I would also remind the teenage me that they never go away, so you had better start facing your giants now.
There will always be those who want to squash your creativity and belittle your uniqueness, but this is not power. It is the pinnacle of weakness and cowardice, and it’s waiting to be exposed.
So gird yourself, and get ready to be brave. It will be a lifetime requirement.
…and let’s not forget fame
Some of the most famous people I know are also the most lonely. In fact, many of these people have traded success for fame, content to be known over doing something that mattered.
I know people who have millions of fans and don’t know where next month’s rent is coming from, whose names you would recognize and yet whose own families have forgotten their faces.
This, sometimes, is the cost of a “cool” membership card.

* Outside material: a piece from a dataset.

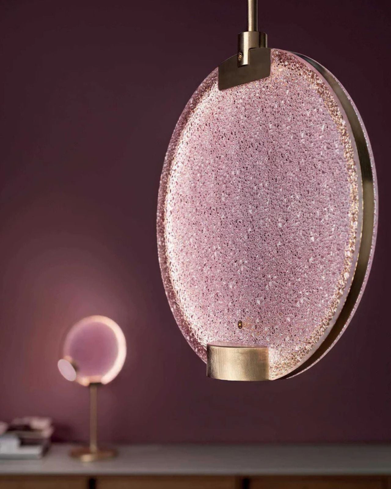A timeless circular glass pendant using a frosted finish in a range of soft colours, this pendant light brings an artistic and creative feel to any room. Perfect as a statement piece or within a cluster. This light boasts elegance in a fun and delicate way. Prismatic glass and featured brushed brass metal details bring a colour ethereal wonder to your rooms.

To be liked and accepted by the masses is not all it’s cracked up to be. Fame is a fickle mistress whose never quite satisfied. She will, in time, rob us for everything we have.
But there’s good news, too
If I sensed my younger self getting depressed or starting to roll his eyes, I would tell him one last thing: what makes you weird is what makes you you.
So embrace it.
All these urges to fit in and conform and be liked, these won’t get you very far in life. And soon, you will see that the weirdos, the misfits, the outcasts, these are the people who get things done. Who truly change the world.
There is a downside to being too popular and a cost to having too much money. And there is a peculiar sort of wealth that accompanies struggle and lack, sometimes.
Don’t fight these things. Don’t dream of another reality or try to be someone you’re not. You will eventually regret the effort you spent on such pursuits and wish you would have stood up to to more bullies, stopped worrying so much about status, and got on with being the strangest, strongest version of yourself you could be.
And as you move towards to your calling, that special thing you were born to do, you will find yourself accessing all the skills you once thought were weaknesses, those embarrassing quirks and personality traits you used to hate, and you will find a use for them all.
The things you wanted to wish away will become your greatest assets.
So now that you know these things, that everything that once seemed to matter actually doesn’t, what’re you going to do? Will you embrace your weirdness, or will you keep trying to fit in? That’s what I would tell my younger self (in addition to what I already said). And I would ask you the same.